En tant qu’acteur accompli, je pense qu’il a trouvé étrange que je lui dise : «Tu ne veux pas faire un film avec papa, maman, Judith et moi ?». Mais je le comprends, car il faut dire que je suis resté très secret par rapport à ma démarche ; je présentais le projet comme un film sur la crise de la cinquantaine et j’avoue que, sur ce coup-là, j’ai un peu arnaqué mes parents (rires).

Ce besoin de vous rapprocher de la vérité a-t-il été motivé par les accusations de plagiat dont vous avez fait l’objet en 2019 ?

Inconsciemment, sûrement. Et d’une certaine manière, je suis reconnaissant de ce qui est arrivé, car cela m’a beaucoup appris. J’ai analysé les critiques, travaillé sur moi et j’en ai fait quelque chose de pur. Et pour le coup, on ne pourra pas me reprocher d’avoir emprunté cette histoire à quelqu’un ; si je ne l’avais pas vécue, je n’aurais pas pu l’inventer !

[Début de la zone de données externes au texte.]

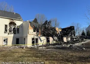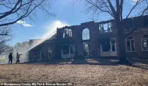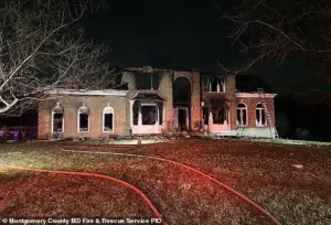 A once-luxurious mansion in Montgomery County, Maryland, was reduced to smoldering ruins in a fire that authorities believe originated from a seemingly mundane source: a heat lamp in a chicken coop.
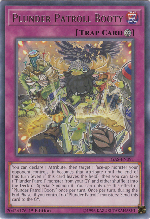 You can declare 1 Attribute, then target 1 face-up monster your opponent controls; it becomes that Attribute until the end of this turn (even if this card leaves the field), then you can take 1 "Plunder Patroll" monster from your GY, and either shuffle it into the Deck or Special Summon it. You can only use this effect of "Plunder Patroll Booty" once per turn. Once per turn, during the End Phase, if you control no "Plunder Patroll" monsters: Send this card to the GY.

Aviez-vous conscience, en le faisant, que ce film était une œuvre courageuse ?

Non, car le courage n’est pas quelque chose dont on doit avoir conscience. Et s’il l’est, c’est parce que je l’ai fait sans me demander s’il plairait. Ma seule préoccupation, et ce n’est pas une posture, est de savoir s’il nous permettra d’avancer. J’aimerais sincèrement que ça incite les communautés à se parler et à se connaître davantage, qu’on puisse connecter juifs, chrétiens et musulmans dans la fraternité. La raison pour laquelle, au Maroc, nous avons grandi en harmonie, c’est qu’on se connaissait : les petits musulmans connaissaient les rites des juifs, et inversement. J’ai conscience de la complexité de cette affaire, car je ne suis pas dans l’œcuménisme, que je considère comme une posture institutionnelle et politique – la photo qui réunit l’imam, le rabbin et le prêtre est jolie, mais on la prend toujours après l’accident. Moi, j’aimerais qu’on se réunisse en dehors des drames et qu’on se protège les uns les autres, comme des frères.